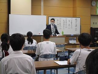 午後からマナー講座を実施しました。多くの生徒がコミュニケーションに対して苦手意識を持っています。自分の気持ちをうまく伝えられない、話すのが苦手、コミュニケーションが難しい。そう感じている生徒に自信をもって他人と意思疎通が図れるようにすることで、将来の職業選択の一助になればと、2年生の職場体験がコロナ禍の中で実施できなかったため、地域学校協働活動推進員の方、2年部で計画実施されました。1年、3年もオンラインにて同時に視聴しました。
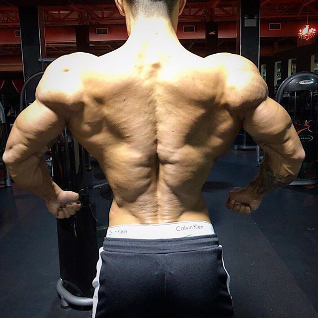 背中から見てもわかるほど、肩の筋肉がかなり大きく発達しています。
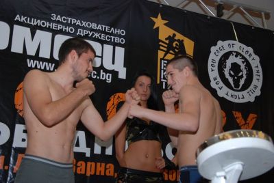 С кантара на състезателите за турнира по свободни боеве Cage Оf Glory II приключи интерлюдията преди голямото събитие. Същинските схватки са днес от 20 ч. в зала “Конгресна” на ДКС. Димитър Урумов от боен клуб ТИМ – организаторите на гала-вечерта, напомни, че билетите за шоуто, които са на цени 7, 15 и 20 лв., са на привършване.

...

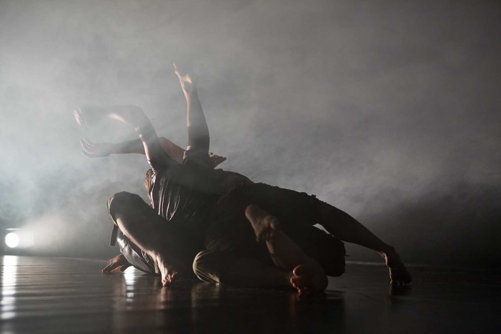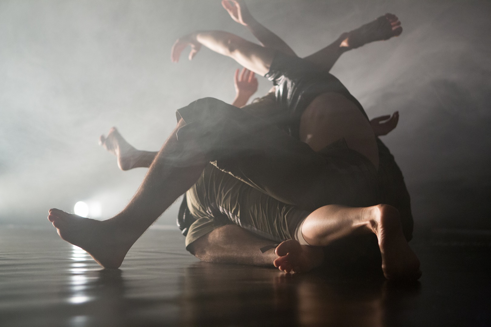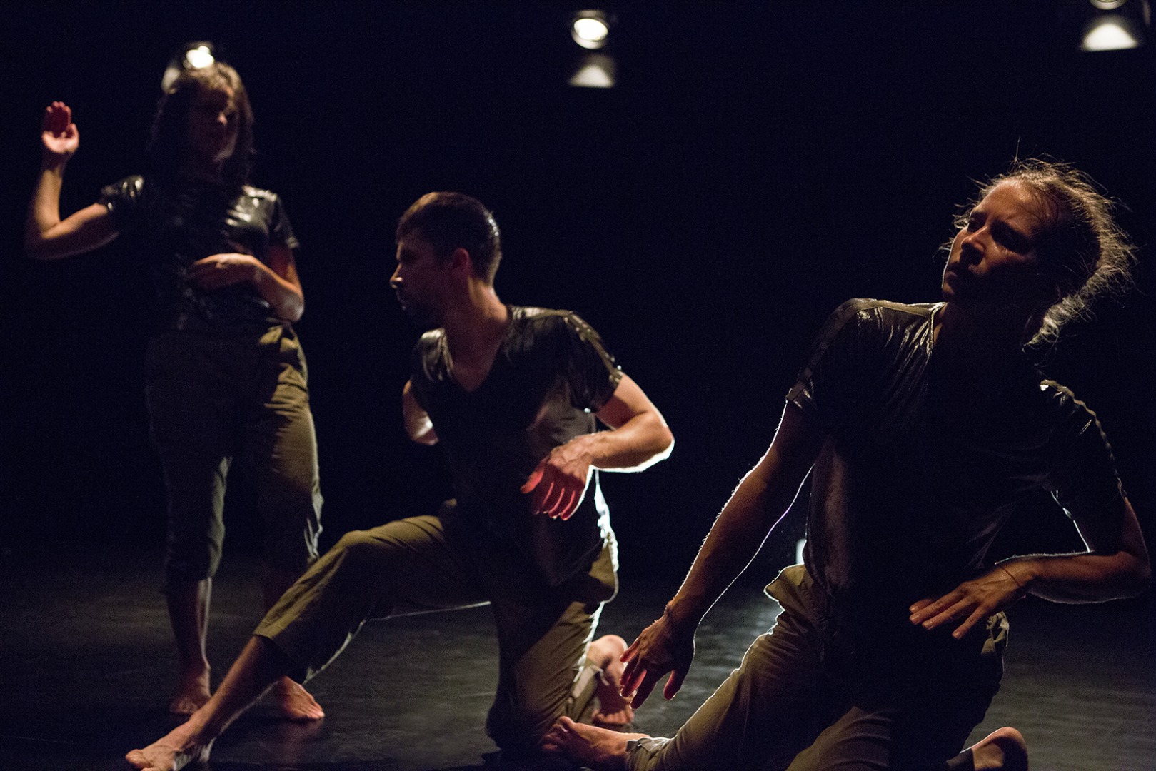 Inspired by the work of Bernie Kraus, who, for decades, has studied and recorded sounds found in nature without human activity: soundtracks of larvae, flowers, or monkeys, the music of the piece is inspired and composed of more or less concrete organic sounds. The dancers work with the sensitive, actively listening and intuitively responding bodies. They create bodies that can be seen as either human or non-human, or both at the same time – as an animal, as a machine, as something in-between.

--

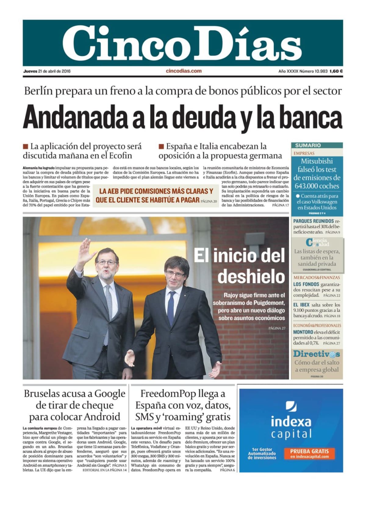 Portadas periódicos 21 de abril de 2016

> **AIM OF THE EXERCISE**
Exact copy, pictures excluded: from the line with "午後からマナー講座を実施しま" up to and including the line with "С кантара на" in the data above.

> **RESULT FOR THIS TASK**
 午後からマナー講座を実施しました。多くの生徒がコミュニケーションに対して苦手意識を持っています。自分の気持ちをうまく伝えられない、話すのが苦手、コミュニケーションが難しい。そう感じている生徒に自信をもって他人と意思疎通が図れるようにすることで、将来の職業選択の一助になればと、2年生の職場体験がコロナ禍の中で実施できなかったため、地域学校協働活動推進員の方、2年部で計画実施されました。1年、3年もオンラインにて同時に視聴しました。
 背中から見てもわかるほど、肩の筋肉がかなり大きく発達しています。
 С кантара на състезателите за турнира по свободни боеве Cage Оf Glory II приключи интерлюдията преди голямото събитие. Същинските схватки са днес от 20 ч. в зала “Конгресна” на ДКС. Димитър Урумов от боен клуб ТИМ – организаторите на гала-вечерта, напомни, че билетите за шоуто, които са на цени 7, 15 и 20 лв., са на привършване.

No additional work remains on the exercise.